Em termos de receita gerada para a Apple (cerca de US$ 15 bilhões, ou R$ 78 bilhões), é difícil argumentar que o smartwatch mais vendido do mundo não tenha atingido seu objetivo.
“Como negócio isolado, o Apple Watch ficaria confortavelmente entre as 250 a 300 maiores empresas dos Estados Unidos”, segundo Wood.
Seu primeiro protótipo era relativamente básico, mas seus modelos futuros também foram pioneiros na tecnologia de saúde vestível.
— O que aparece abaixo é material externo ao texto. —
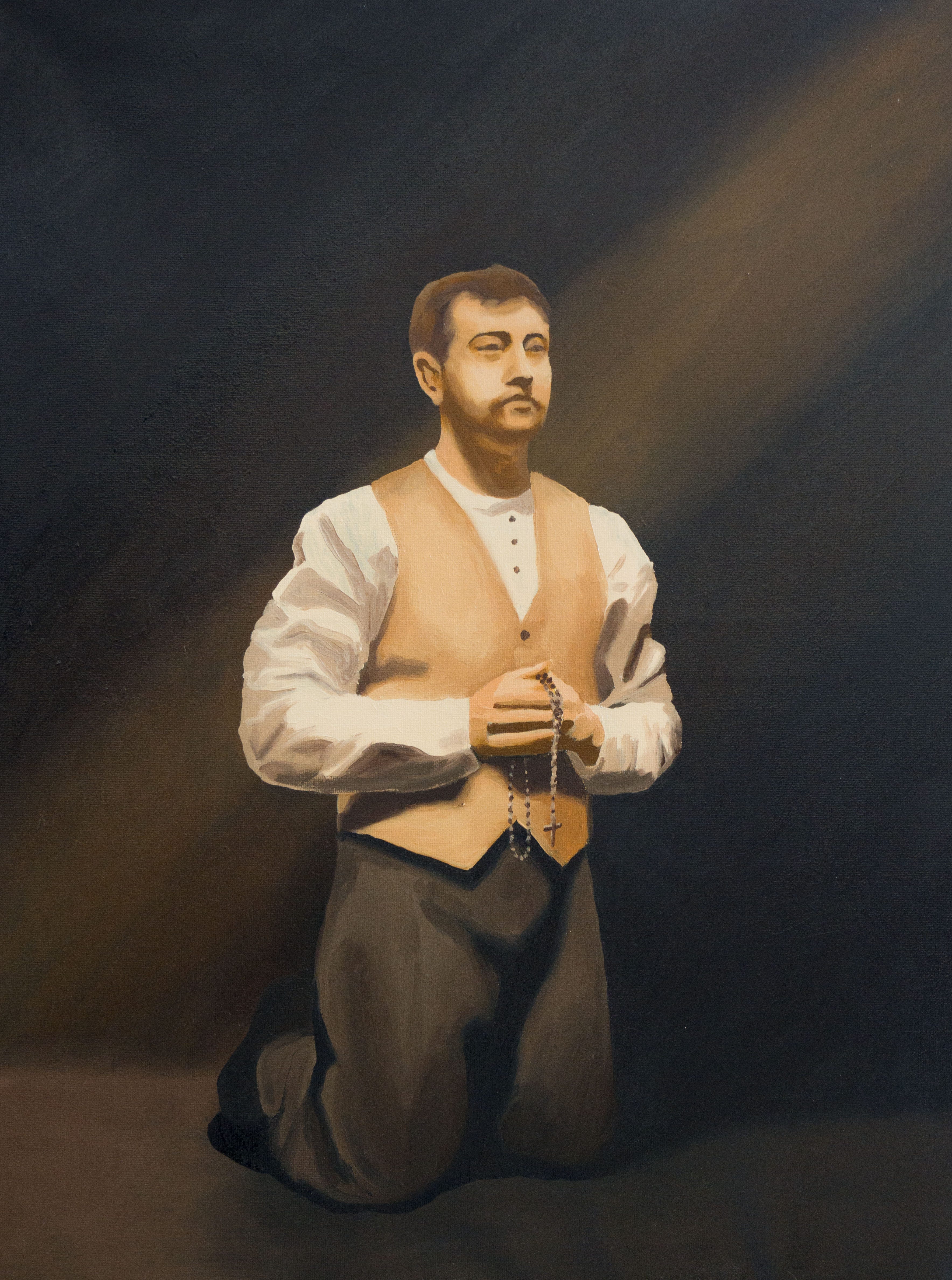 To that end, I enlisted the help of my friend Rebecca Giles to create a new image of Matt Talbot that we can use for relic cards, pamphlets and other resources to promote Matt’s cause. We loved an image from the film but were afraid that if we used the actual picture people might think it was really Matt Talbot. We are only aware of one actual photo of Matt and it was taken towards the end of his life.

Funções como o monitoramento cardíaco fizeram dele um importante promotor da tecnologia de saúde e fitness.
Atualmente, acredita-se que o Apple Watch venda mais unidades todos os anos do que toda a tradicional indústria de relógios de pulso suíços.
Apple Lisa (fracasso)
De certa forma, o computador pessoal Apple Lisa, lançado em 1983 pelo alto preço de cerca de US$ 10 mil (cerca de R$ 52 mil, pelo câmbio atual), foi inovador.
Ele foi um dos primeiros PCs a incorporar uma interface gráfica de usuário (GUI, na sigla em inglês) e um mouse.
Mas o analista de tecnologia Paolo Pescatore afirma que o computador, destinado às empresas, era “caro demais”, o que impediu seu sucesso comercial.
O fracasso, para ele, demonstrou que “estar à frente na curva não é suficiente se o produto estiver mal posicionado”.
A Apple aprenderia com seus erros ao lançar o Macintosh original, um ano depois, com preço relativamente melhor para o consumidor final, de US$ 2.495 (cerca de R$ 13 mil, pelo câmbio atual).
Teclado ‘borboleta’ (fracasso)
O teclado com design “borboleta” da Apple foi um mecanismo introduzido nos laptops em 2015. Para Pickerill, ele foi um “raro deslize de confiabilidade”.
Usado em aparelhos como o MacBook Air, o design consistia em equipar os teclados com teclas de encaixe bilateral que pareciam asas de borboleta.
Mas ele dividiu opiniões. Algumas pessoas afirmavam que o mecanismo dificultou a digitação nos teclados, dando a impressão de que a Apple estaria “priorizando a pouca espessura e não a durabilidade”, segundo Pickerell.
Em 2019, a empresa apresentou um novo MacBook Pro de 16 polegadas, sem o teclado borboleta.
Vision Pro (fracasso)
Para Wood, um fracasso notável e muito mais recente da Apple foi o headset Vision Pro, o primeiro lançamento importante da empresa desde o Apple Watch.
Wood acredita que a grande aposta da Apple na realidade aumentada acabou sendo muito “complicada”, sem conteúdo que permitisse igualar o sucesso de outros produtos da empresa.
O site de notícias de tecnologia The Information afirma que a companhia reduziu a produção do headset de US$ 3,5 mil (cerca de R$ 18 mil) poucos meses após o lançamento, devido à baixa demanda e à grande quantidade de estoque não vendido.
O fracasso significa que a Apple “provavelmente será cautelosa para entrar rapidamente em áreas relacionadas, como óculos inteligentes”, segundo Wood.